We are having a mostly successful trial with the strain. Infected inmates are already changing and our control group remains untouched. Most curious is that out of 348B a leader seems to be forming. An apparent female. She is excreting power over her group, despite the evidence of hive mind. Alex has been jokingly referring to them as the "Bees" we are thinking of naming her the Queen. Seems apt, doesn't it?
Our attempts at a various spreads of the strain are giving clear results. When the strain interacts with the targeted genetics it reacts most violently and with speed. It is a lytic virus. The DNA transcribes itself into messenger RNA (mRNA) molecules that are then used to direct the cell's ribosomes. One of the first polypeptides to be translated destroys the host's DNA. Once the viral DNA has taken control it induces the host cell's machinery to synthesize viral DNA, protein and starts multiplying. The miracle we have done is creating our strain to understand it's host cell's DNA. We have given it the ability to target the spefific DNA we wish to eradicate. So, in the various steps of cell multiplication, when the DNA of the virus is transcribed, if the host cell DNA is not in the target group, the host DNA is not destroyed and the multiplication of cells does not take place. Thereby keeping that host safe from symptoms even if they are exposed.
We have now enough test subjects under the strain to create a separate test group. 348C. Alex is calling them "The Childs". The Childs appear to be affected by the Hive mentality differently than the first group. Where 348B can seem to work with one mind collectively, 348C is subjugated and appears to take commands. As we study the body language, we are seeing that nods and clicks are given by the "Queen" and then response is show in the Childs. Yet others in 348B do not seem to give these commands.

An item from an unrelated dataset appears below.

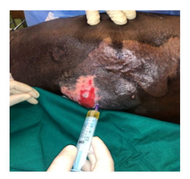
Fig. 3: Application of APRP at ulcer site

They all remain submissive to our will and stimuli exercises. Despite having varying degrees of control among themselves, they are responding with the desired passivity. We are bringing in a Primatologist. Hoping the study of those primitive creatures will helps us gain insight on training and behavior study in our test groups. It was Alex's suggestion. I suppose it will be helpful. Though I have my doubts on the value of the exercise. Issac was thrilled with the idea. I suppose it's good to see him getting on about anything. As of late he has been obsessively focused on the leader of 348B. He is spending an inordinate amount of time working with her souly. I fear our other work may suffer if he continues this favoritism. While I have a distaste for sharing space or credit, we truly need the three of us working evenly in order to complete within the Generals' given timeline. I believe Alex and I will have a word with him later in the week. Personal studies must take a back seat to the main work. It is crucial. Surely, he'll come to sense.
I feel it's important to note that none of the views of the characters reflect my personal opinion.